[Start of section]

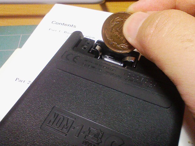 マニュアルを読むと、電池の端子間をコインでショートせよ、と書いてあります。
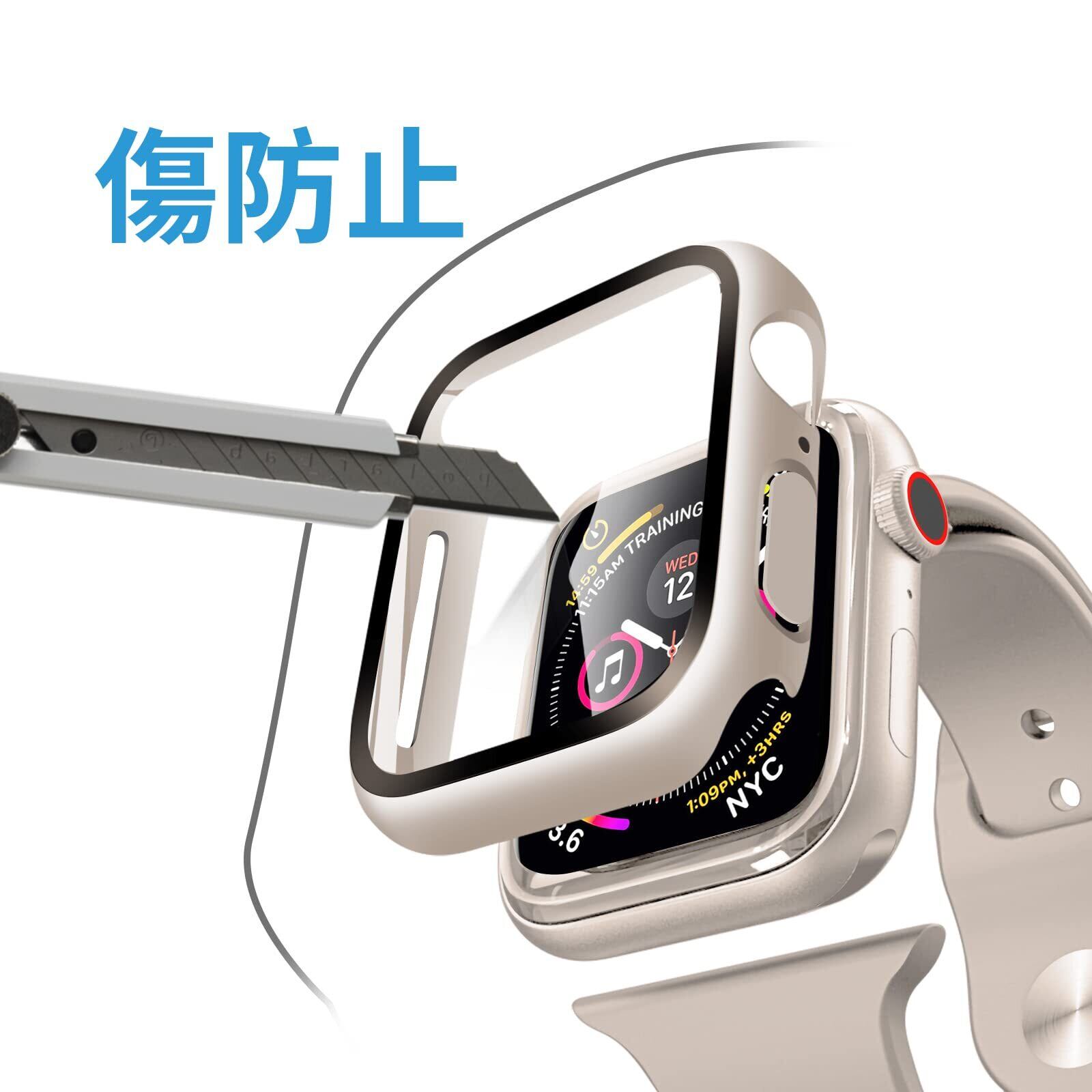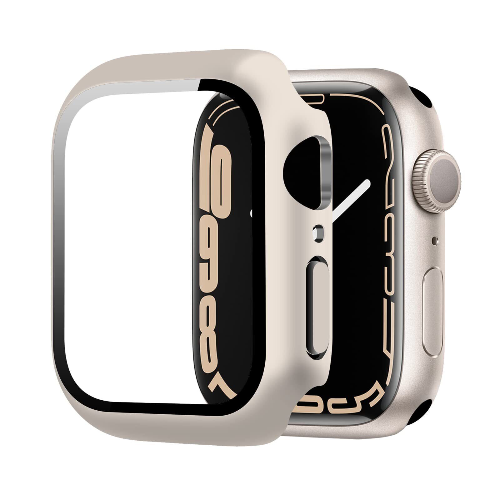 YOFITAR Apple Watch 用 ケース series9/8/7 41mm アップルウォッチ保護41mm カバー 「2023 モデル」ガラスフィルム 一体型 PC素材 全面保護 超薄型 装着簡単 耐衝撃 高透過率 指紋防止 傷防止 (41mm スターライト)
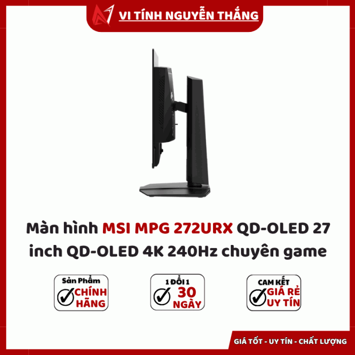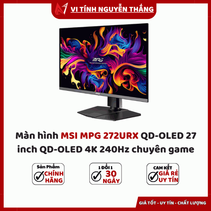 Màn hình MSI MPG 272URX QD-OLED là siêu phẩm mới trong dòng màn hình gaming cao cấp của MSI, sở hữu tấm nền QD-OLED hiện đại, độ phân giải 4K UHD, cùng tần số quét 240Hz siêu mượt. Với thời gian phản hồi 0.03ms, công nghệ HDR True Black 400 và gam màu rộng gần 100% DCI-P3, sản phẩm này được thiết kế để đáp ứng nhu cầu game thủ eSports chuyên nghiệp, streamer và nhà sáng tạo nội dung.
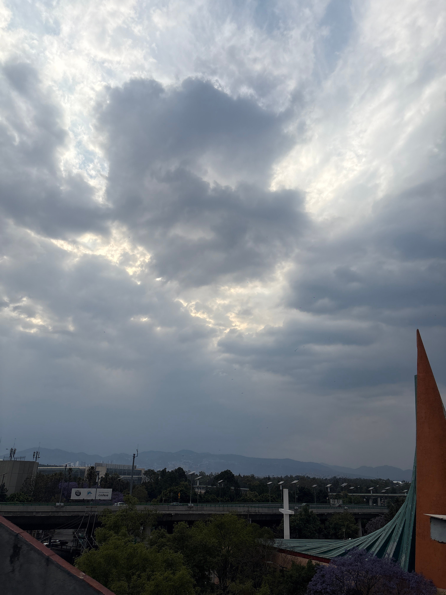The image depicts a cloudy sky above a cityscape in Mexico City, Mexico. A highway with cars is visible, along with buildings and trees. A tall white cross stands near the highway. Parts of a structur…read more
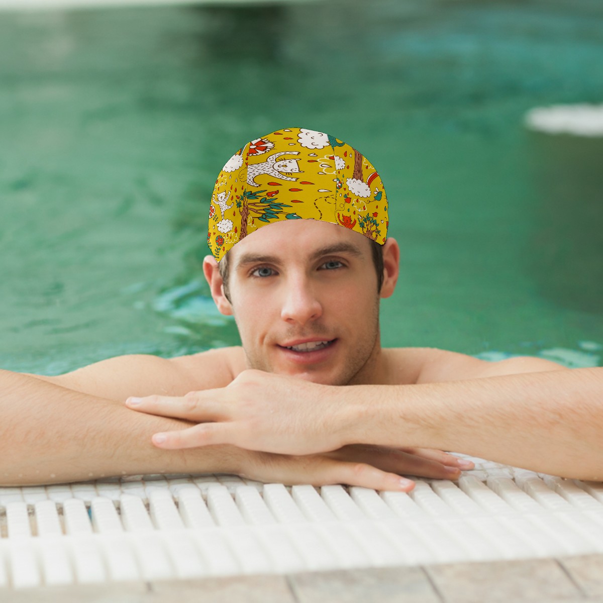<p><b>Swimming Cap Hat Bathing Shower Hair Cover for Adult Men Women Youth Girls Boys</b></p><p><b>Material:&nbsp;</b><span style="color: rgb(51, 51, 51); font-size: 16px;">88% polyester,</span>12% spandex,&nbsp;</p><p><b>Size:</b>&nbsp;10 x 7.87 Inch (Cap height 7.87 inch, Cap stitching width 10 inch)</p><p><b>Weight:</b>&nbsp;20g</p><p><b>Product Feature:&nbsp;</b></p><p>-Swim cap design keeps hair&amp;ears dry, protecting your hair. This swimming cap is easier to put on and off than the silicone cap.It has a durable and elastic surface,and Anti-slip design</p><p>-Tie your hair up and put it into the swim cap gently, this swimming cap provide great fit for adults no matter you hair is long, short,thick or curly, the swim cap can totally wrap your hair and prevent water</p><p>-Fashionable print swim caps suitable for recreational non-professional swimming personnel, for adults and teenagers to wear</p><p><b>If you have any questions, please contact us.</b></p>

[End of section]

— Exercise aim —
Though the entries above contain pictures, none should be copied; reproduce only the lines between the one holding "Màn hình MSI" and the one holding "The image depicts", inclusive, exactly as written.

— Response —
 Màn hình MSI MPG 272URX QD-OLED là siêu phẩm mới trong dòng màn hình gaming cao cấp của MSI, sở hữu tấm nền QD-OLED hiện đại, độ phân giải 4K UHD, cùng tần số quét 240Hz siêu mượt. Với thời gian phản hồi 0.03ms, công nghệ HDR True Black 400 và gam màu rộng gần 100% DCI-P3, sản phẩm này được thiết kế để đáp ứng nhu cầu game thủ eSports chuyên nghiệp, streamer và nhà sáng tạo nội dung.
The image depicts a cloudy sky above a cityscape in Mexico City, Mexico. A highway with cars is visible, along with buildings and trees. A tall white cross stands near the highway. Parts of a structur…read more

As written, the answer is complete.